Natural gaps in timeseries observations
See original GitHub issueI have hourly energy observations taken during business days only. So 120 hrs per week, not 168. With Sat and Sun missing always and holidays as well. Seasonality is daily, weekly, yearly.
Was trying to follow samples and use TimeSeries.from_dataframe with default settings. I got a lot of NaNs inserted into DateTimeIndex, that matches pandas.asfreq('H')
behaviour. So with train/test split train, val = series.split_before(pd.Timestamp('20200101'))
I receive
len(data[:'20200101']), len(train), len(data['20200101':]), len(val)
(11856, 17328, 5904, 9480)
data['20200101':]['load']
dt_iso
2020-01-09 00:00:00 801.0410
2020-01-09 01:00:00 790.4990
2020-01-09 02:00:00 770.1160
2020-01-09 03:00:00 770.8910
2020-01-09 04:00:00 774.4680
...
2021-01-29 19:00:00 1,026.1950
2021-01-29 20:00:00 1,007.2650
2021-01-29 21:00:00 990.8280
2021-01-29 22:00:00 953.9190
2021-01-29 23:00:00 904.5980
Name: load, Length: 5904, dtype: float64
val['load']
load
date
2020-01-01 00:00:00 nan
2020-01-01 01:00:00 nan
2020-01-01 02:00:00 nan
2020-01-01 03:00:00 nan
2020-01-01 04:00:00 nan
... ...
2021-01-29 19:00:00 1,026.1950
2021-01-29 20:00:00 1,007.2650
2021-01-29 21:00:00 990.8280
2021-01-29 22:00:00 953.9190
2021-01-29 23:00:00 904.5980
[9480 rows x 1 columns]
Freq: H
So one can see that data has exploded with NaNs.
Obviously darts.utils.statistics.plot_acf()
and a darts.utils.statistics.check_seasonality()
do not work with NaNs.
plot_acf()
gets me a straight line at zero, where should be AR lags up until 192.
check_seasonality()
reports
[2021-03-05 17:39:16,120] INFO | darts.utils.statistics | The ACF has no local maximum for m < max_lag = 24.
If I supply fill_missing_dates=False
for the TimeSeries.from_dataframe():
series = TimeSeries.from_dataframe(data, time_col='date', value_cols=['load'], fill_missing_dates=False)
I get Could not infer frequency. Are some dates missing? Try specifying 'fill_missing_dates=True'
With freq='H'
parameter to function above no luck also. The same loophole as with pandas DateTimeIndex with freq=‘H’
In statsmodels Sarimax models I was able to overcome datetime freq warning by converting index to PeriodIndex which supports gaps.

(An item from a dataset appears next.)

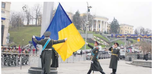
Підняття Державного Прапора України
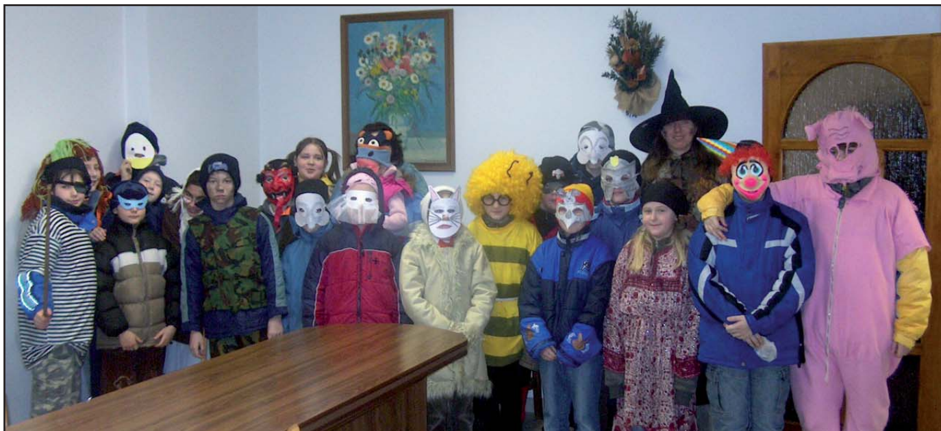
Ve středu 6. února navštívil fašankový průvod dětí z místní základní školy Obecní úřad v Podolí.

data.index = pd.DatetimeIndex(data.index).to_period('H')
Please advise what are my options with Darts to be able to work with time series data with natural gaps?
Thanks a lot in advance for the attention.
P.S. Some pictures to illustrate time series and gaps
Issue Analytics
- State:
- Created 3 years ago
- Comments:12 (4 by maintainers)
Have you tried using a business day frequency (“B”) ?
Hi @hrzn @rmk17 , has this issue been take care of in the latest Darts please? I am also finding it very difficult to read a dataframe that has natural gaps into a TimeSeries object. Imputation on weekends do not make business sense. Is there a way we can tell TimeSeries to ignore the gaps? Pandas is able to look away at the gaps, I am sure Darts can too? Using ‘B’ as the business days also do not help BTW. Many thanks for loking.